Tuesday 11 June 2013

VoIP calls encoded with SILK: from RTP to WAV


SILK is a codec defined by Skype, but can be found in many VoIP clients, like CSipSimple.
It comes in different flavours (sample rates and frame sizes), from narrowband (8 KHz) to wideband (24 KHz).
Since Wireshark doesn't allow you to decode an RTP stream carrying SILK frames, I was curious to find a programmatic way to do it. In fact, this has also allowed to me to earn a "tumbleweed" badge in stackoverflow.
You may argue that a Wireshark plugin would be the right solution, but that's probably for another day.

Initially I thought it was sufficient to read the specification for RTP payload when using SILK; the truth is that I had to reverse engineer a solution by looking at SILK SDK's test vectors.
There, I discovered that a file containing SILK audio doesn't have the file header indicated in the IETF draft ("!#SILK"), but a slightly different one ("!#SILK_V3").

More importantly, each encoded frame is not preceded by a block header, but by two bytes specifying its length.
Given these findings, it was a matter of extracting the RTP payload for each packet.

In Wireshark, I've selected the RTP stream I wanted to decode and exported it as raw binary.

A problem was that SILK doesn't have a fixed length to represent an audio frame. By using libpcap (libpcap0.8 on Debian squeeze) though, I could simply loop on the list of packets, read each length, subtract the packet header length and retrieve the exact payload length. I did this in C, but any other libpcap implementation (e.g. for python or perl) would do. Using libpcap is not strictly necessary, but helps, in particular when padding is involved.

Once the bitstream was ready, I decoded it in raw PCM format with the decoder available in the SILK SDK (downloadable from here). I knew the original encoded audio was at 24 KHz and 20 msec/frame, which also happen to be the decoder's default settings.

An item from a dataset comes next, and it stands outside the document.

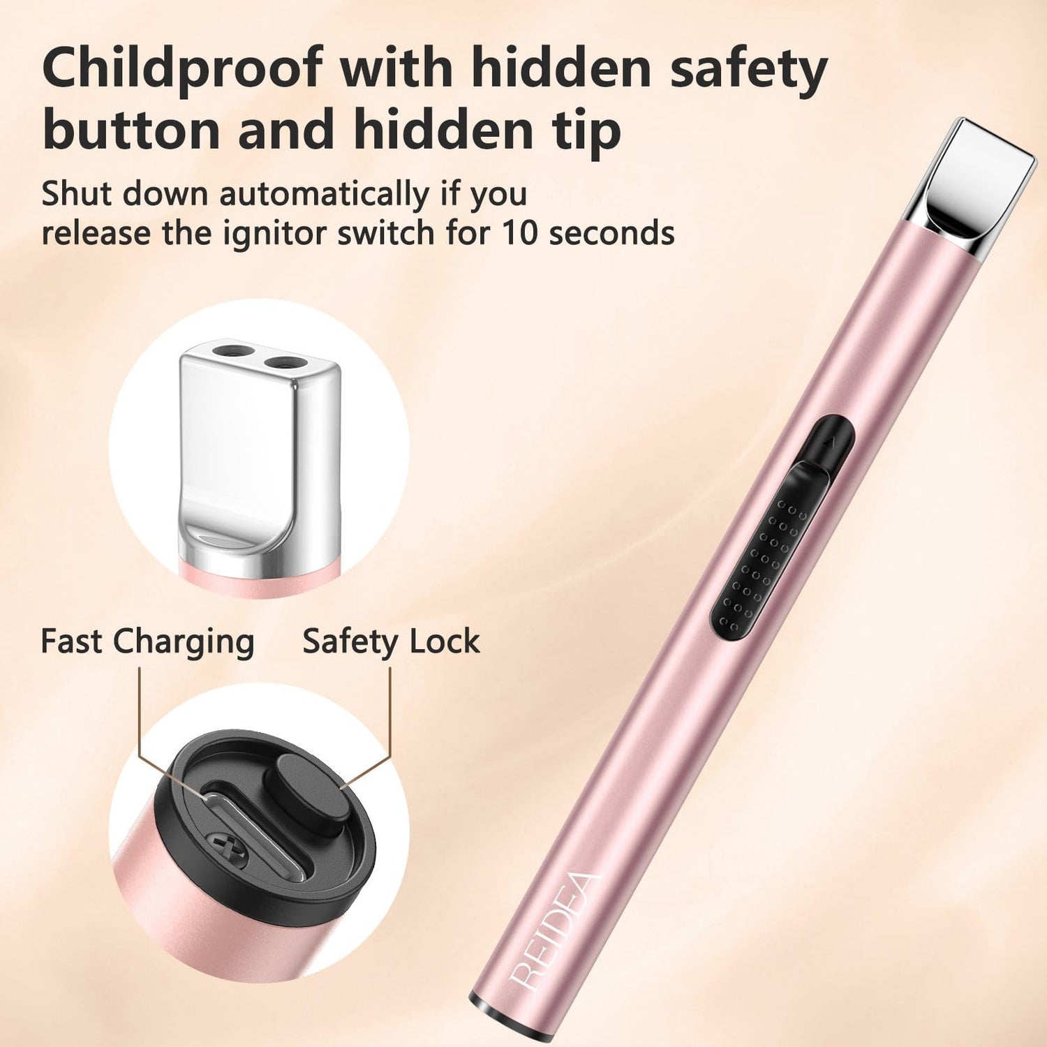 REIDEA Candle Lighter Long USB Rechargeable Lighter Arc Windproof Flameless Lighter with Safety Switch Buttom Electronic Lighter for Home Kitchen BBQ Camping Stove

$ ./decoder ~/silk_from_rtp.bit ~/silk_from_rtp.raw

From the raw PCM to a WAV, handy to play on any PC, the step is easy and sox does the job. I just had to specify the sample rate, again of course 24 KHz, the encoding (16 bit unsigned, little-endian), and that was it!

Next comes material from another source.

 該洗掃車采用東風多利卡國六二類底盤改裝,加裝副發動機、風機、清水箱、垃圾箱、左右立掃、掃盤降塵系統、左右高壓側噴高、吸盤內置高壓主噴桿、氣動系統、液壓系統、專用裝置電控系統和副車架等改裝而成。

$ sox -V -t raw -b 16 -e signed-integer -r 24000 silk_from_rtp.raw silk_from_rtp.wav

UPDATE (11/9/2014): The SILK SDK (and dev.skype.com) has disappeared. If you want to download it, try this (I used version 1.0.9).

25 comments:

  1. looks like we are not alone who work on it :)

    ReplyDelete
  2. Excellent - thanks for this cool utility. BTW, I don't understand why 56 bytes in the following line:

    long payload_len = header->len - 56;

    can you kindly clarify - thanks

    ReplyDelete
  3. Hi mntr0609,
    I was taking some time to answer to your question but I haven't found the opportunity to answer as precisely as I wanted.
    A suboptimal answer is that I've empirically observed that the payload size was always 56 bytes smaller than the packet size declared in the header by the library in use.
    I was expecting 40 bytes (12 for RTP, 8 for UDP, 20 for IP), but observed 56 and eventually used that value.
    I'll try to update with a better answer (and probably update the code too with a define, so that the intention is clearer).
    Thanks for commenting.

    ReplyDelete
  4. thanks. I was trying to decode a SILK bit stream from wireshark. Thought the 56 bytes come from including the 14 byte Ethernet headers and the 2 byte silk payload length and wanted to confirm.
    for some reason, when I look at the RTP packet in the wireshark that contains a SILK frame, the 2 byte frame length (that comes right after the 12 byte RTP header) do not correspond to the length of the frame. I see bigger values in the 2 bytes. Also, the stream doesn't have the "#!SILK_V3" magic number which I added on top of your code to create and write it the first time we open the output file.

    ReplyDelete
    Replies
    1. Hi mntr0609, you were right in reporting this. There were indeed 2 additional bytes that were not needed. I fixed it now, and tested again successfully with 3rd party traces. Cheers.

      Delete
  5. > "when I look at the RTP packet in the wireshark that contains a SILK frame, the 2 byte frame length (that comes right after the 12 byte RTP header) do not correspond to the length of the frame. I see bigger values in the 2 bytes."

    Can you give an example of the length returned by wireshark, the lenght written in the .bit file and the actual length of the audio block?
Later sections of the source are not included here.